By David Goddard. Photography by Shawn Poynter.
Cameras come in all shapes and sizes, and they serve a wide assortment of needs.
A scientist in a lab might need to shoot at incredibly miniscule levels, while a wedding photographer needs to capture the emotions of the day at varying scales.
Someone shooting the night sky or a running river might want a slow shutter speed to show the change of time, while a red-light camera needs to quickly snap the license plate of an offending driver.
Thanks to a project with connections to UT’s Min H. Kao Department of Electrical Engineering and Computer Science, that time frame will have the potential to become much faster and more sensitive.
The key? Neuromorphic computing.
“If you equip event-based cameras with neuro sensors, you can really ramp up the response time by several measures,” said Professor James Plank. “That is an important, sought out quality that gives them relevance in a variety of fields.”
The UT team—Plank serves as principal investigator on the project, with Professor Garrett Rose and Assistant Professor Catherine Schuman as co-PIs—is working on the project through a Department of Defense Small Business Technology Transfer Program grant with Timothy Klein via Areté, a cutting-edge research center in Huntsville, Alabama.
Their part of the project is to bring the expertise they have in neuromorphic computing into cameras and detection devices in a way that makes them highly sensitive and able to detect the slightest change in what they are viewing.
“There are several limitations to traditional cameras and detection that neuromorphic computing can help improve or even solve,” said Rose. “Neuromorphic computing, by design, is meant to mimic the firing of the neural network of the brain, one of the best ‘computers’ that we have.”
Resolution isn’t as much a concern as the ability to immediately flag an event or anomaly the millisecond it occurs.
As an example, the team set up a camera to monitor a simulation of an old-school Pac-Man game from the Atari 2600—with every chomp, power pellet eaten, and ghost killed showing up on the screen as a series of events indicated by dots.

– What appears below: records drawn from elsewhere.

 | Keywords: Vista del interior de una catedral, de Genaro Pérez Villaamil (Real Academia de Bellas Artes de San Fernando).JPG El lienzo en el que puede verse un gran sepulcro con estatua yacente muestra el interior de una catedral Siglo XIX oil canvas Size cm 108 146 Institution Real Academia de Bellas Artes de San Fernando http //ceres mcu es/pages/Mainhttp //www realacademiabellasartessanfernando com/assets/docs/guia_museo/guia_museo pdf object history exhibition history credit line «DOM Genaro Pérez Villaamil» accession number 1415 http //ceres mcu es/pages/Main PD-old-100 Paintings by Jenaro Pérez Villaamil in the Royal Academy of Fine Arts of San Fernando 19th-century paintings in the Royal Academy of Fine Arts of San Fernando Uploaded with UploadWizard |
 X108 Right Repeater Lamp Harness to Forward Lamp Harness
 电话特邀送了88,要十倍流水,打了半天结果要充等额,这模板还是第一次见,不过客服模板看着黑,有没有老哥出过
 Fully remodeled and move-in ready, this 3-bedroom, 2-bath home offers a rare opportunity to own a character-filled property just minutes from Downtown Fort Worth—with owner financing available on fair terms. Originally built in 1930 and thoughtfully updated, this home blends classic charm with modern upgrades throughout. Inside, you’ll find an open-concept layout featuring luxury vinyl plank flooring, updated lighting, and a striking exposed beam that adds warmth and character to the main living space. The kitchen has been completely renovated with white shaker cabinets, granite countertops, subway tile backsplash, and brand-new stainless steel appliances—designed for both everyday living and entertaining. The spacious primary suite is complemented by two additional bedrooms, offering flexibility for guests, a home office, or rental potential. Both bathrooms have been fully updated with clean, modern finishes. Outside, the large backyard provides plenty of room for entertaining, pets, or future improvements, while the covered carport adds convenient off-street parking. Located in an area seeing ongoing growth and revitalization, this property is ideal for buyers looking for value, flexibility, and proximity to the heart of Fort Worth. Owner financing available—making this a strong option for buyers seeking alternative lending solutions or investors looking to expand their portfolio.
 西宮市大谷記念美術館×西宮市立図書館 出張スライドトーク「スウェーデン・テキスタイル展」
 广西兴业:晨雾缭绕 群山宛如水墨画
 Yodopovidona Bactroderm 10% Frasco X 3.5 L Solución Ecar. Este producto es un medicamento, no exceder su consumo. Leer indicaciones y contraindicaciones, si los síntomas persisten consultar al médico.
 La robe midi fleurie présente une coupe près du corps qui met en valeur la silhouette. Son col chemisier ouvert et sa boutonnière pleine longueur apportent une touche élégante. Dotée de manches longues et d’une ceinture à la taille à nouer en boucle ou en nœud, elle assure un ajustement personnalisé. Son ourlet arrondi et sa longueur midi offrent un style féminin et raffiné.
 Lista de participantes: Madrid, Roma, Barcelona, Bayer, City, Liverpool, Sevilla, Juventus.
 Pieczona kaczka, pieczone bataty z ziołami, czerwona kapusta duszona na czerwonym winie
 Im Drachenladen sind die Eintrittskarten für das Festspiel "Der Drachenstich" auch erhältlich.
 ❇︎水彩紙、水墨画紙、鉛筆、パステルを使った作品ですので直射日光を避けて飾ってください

The system worked, even in the most rudimentary of backgrounds.
“With a high-speed lens you get less resolution but much more data,” said Schuman. “We’re in the stage of now building a more robust demo to help bring this technology to scale.”
The three UT researchers each bring their own piece of the puzzle to the table: Rose with his work on reconfigurable circuitry and interfaces, Schuman with her work on machine learning and algorithms, and Plank tying both together with his knowledge of interfaces and algorithms as well as system integration. It’s the sort of teamwork that has made their research group, TENNLab, such an attractive partner to outside entities like Areté.
Their work has potential impact across a number of areas, from industrial production to sport science, where deviations from the norma can make a difference.
The current phase of the project began in August and will run two years.
In addition to four other people from Areté, the team includes seven students from UT, giving them hands-on research experience.